What sets xan apart from qsv is its expression language -- called Moonblade -- and its SIMD-accelerated CSV parser. Moonblade is a minimalistic language designed specifically for CSV row transformations. It is faster than evaluating Python, Lua, or JavaScript per-row, and its syntax is concise enough to use directly on the command line without a separate script file.

Install via Cargo:

$ cargo install xan --locked

Or, on NixOS/Nix, xan is available in nixpkgs as of the 25.05 release. Pre-built binaries are also attached to each GitHub release.

xan examples

# View a CSV as a formatted table in the terminal
$ xan view data.csv

# Show headers
$ xan headers data.csv

# Filter rows using Moonblade expression language
$ xan filter 'status == "active"' data.csv

# Add a computed column (expression first, then new column name)
$ xan map 'first_name + " " + last_name' full_name data.csv

# Group by a column and sum another
$ xan groupby country 'sum(amount) as total' data.csv | xan view

# Join two files on matching column names
$ xan join user_id users.csv orders.csv

# Draw a bar chart of a frequency column in the terminal
$ xan frequency -s country data.csv | xan plot bar country count

# Read a gzip-compressed CSV directly without decompressing first
$ xan stats data.csv.gz

xan's native gzip support is genuinely convenient: it reads .gz and .zst compressed files transparently, which matters when your CSV data comes from pipelines that compress everything by default. It also supports a wide range of adjacent formats: web archival CDX files, bioinformatics formats (VCF, GTF, SAM, BED), and direct conversion to and from JSON, Excel, and NumPy arrays via xan to and xan from.

The Moonblade expression language is xan's strongest differentiator. It has a proper cheatsheet accessible via xan help cheatsheet, a full function reference via xan help functions, and aggregation functions via xan help aggs. For teams doing complex data transformation at the command line, this is significantly more ergonomic than reaching for a Python script.

Note

xan and qsv are both excellent tools. qsv has a larger command set and stronger focus on data pipeline automation, including schema validation and self-updating binaries. xan has a more expressive inline language and is particularly well suited to exploratory analysis and complex transforms. Neither is strictly better -- they target slightly different workflows.

What Happened to xsv?

If you have been doing CSV work on Linux for a few years, you have almost certainly encountered xsv -- the Rust CSV toolkit by Andrew Gallant (BurntSushi) that was the standard recommendation from roughly 2015 through the early 2020s. xsv set the template for what a fast, streaming, composable CSV toolkit should look like, and it remains installable today via cargo install xsv.

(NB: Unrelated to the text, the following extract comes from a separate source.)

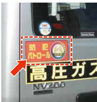
▲防犯パトロール実施中ステッカー

また、市では、「ながら見守り」を行っていただける企業や団体を募集しています。活動内容など詳しくは、お問い合わせください。
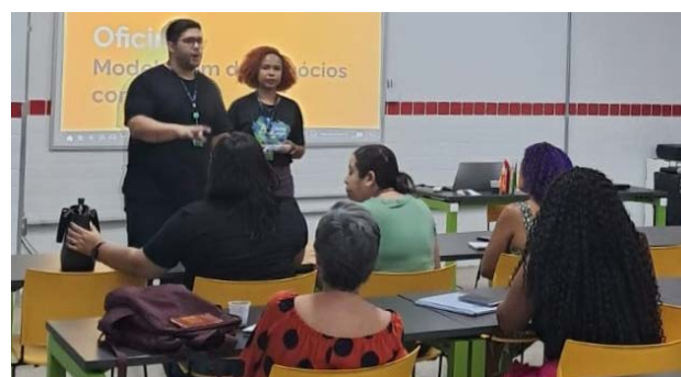
Inscrições para programa Goianas S.A. seguem abertas até dia 4 de fevereiro. Iniciativa estimula o empreendedorismo feminino nas áreas de ciência, tecnologia e inovação

Serão selecionados até 20 projetos liderados por mulheres goianas, com foco na incubação de empresas e no desenvolvimento de produtos e serviços inovadores. De acordo com o secretário de Estado de Ciência, Tecno-

The project is now in maintenance mode. The xsv README explicitly points readers toward its two successors: qsv (the fork focused on production pipelines and breadth of features) and xan (the fork focused on expression-language transforms and exploratory analysis). Both started from xsv's codebase and share its core architecture, so the transition from xsv is smooth -- most subcommand names are identical or close.

Migration

If you have existing shell scripts that call xsv, substituting qsv will work for the majority of commands without modification. The main differences are that qsv has renamed a small number of flags for consistency and added commands that did not exist in xsv. Run qsv --list and compare against your xsv usage to find anything that needs adjusting.

The power of all these tools comes from composing them via Unix pipes. They all read from stdin and write to stdout by default, which means they chain cleanly. Here are some practical pipeline patterns.

Building Real Pipelines

Process multiple files at once

Sysadmins rarely deal with a single CSV. Log rotation produces dozens of daily exports; vulnerability scanners write one file per host. The standard pattern is shell globbing into a pipeline, but the details matter when headers are involved -- you typically want to include the header from the first file only and strip it from all subsequent files. If you are already automating Linux server tasks with cron jobs and shell scripts, these CSV pipeline patterns compose directly with that work.

multi-file processing

# Concatenate multiple CSVs with consistent headers into one file
$ qsv cat rows logs/access-*.csv > combined.csv

# csvkit equivalent (handles header deduplication automatically)
$ csvstack logs/access-*.csv > combined.csv

# Run stats across all CSV files in a directory
$ for f in scans/*.csv; do echo "=== $f ==="; qsv stats "$f" | qsv table; done

# With xan: process a glob and pipe results into a single view
$ cat logs/*.csv | xan dedup | xan frequency -s severity | xan view

qsv cat rows is the right tool for concatenating same-schema files: it streams each file in order and handles the header correctly by default. csvstack does the same within csvkit and additionally validates that all input files share the same column names, raising an error if they diverge -- useful when you cannot guarantee schema consistency across files.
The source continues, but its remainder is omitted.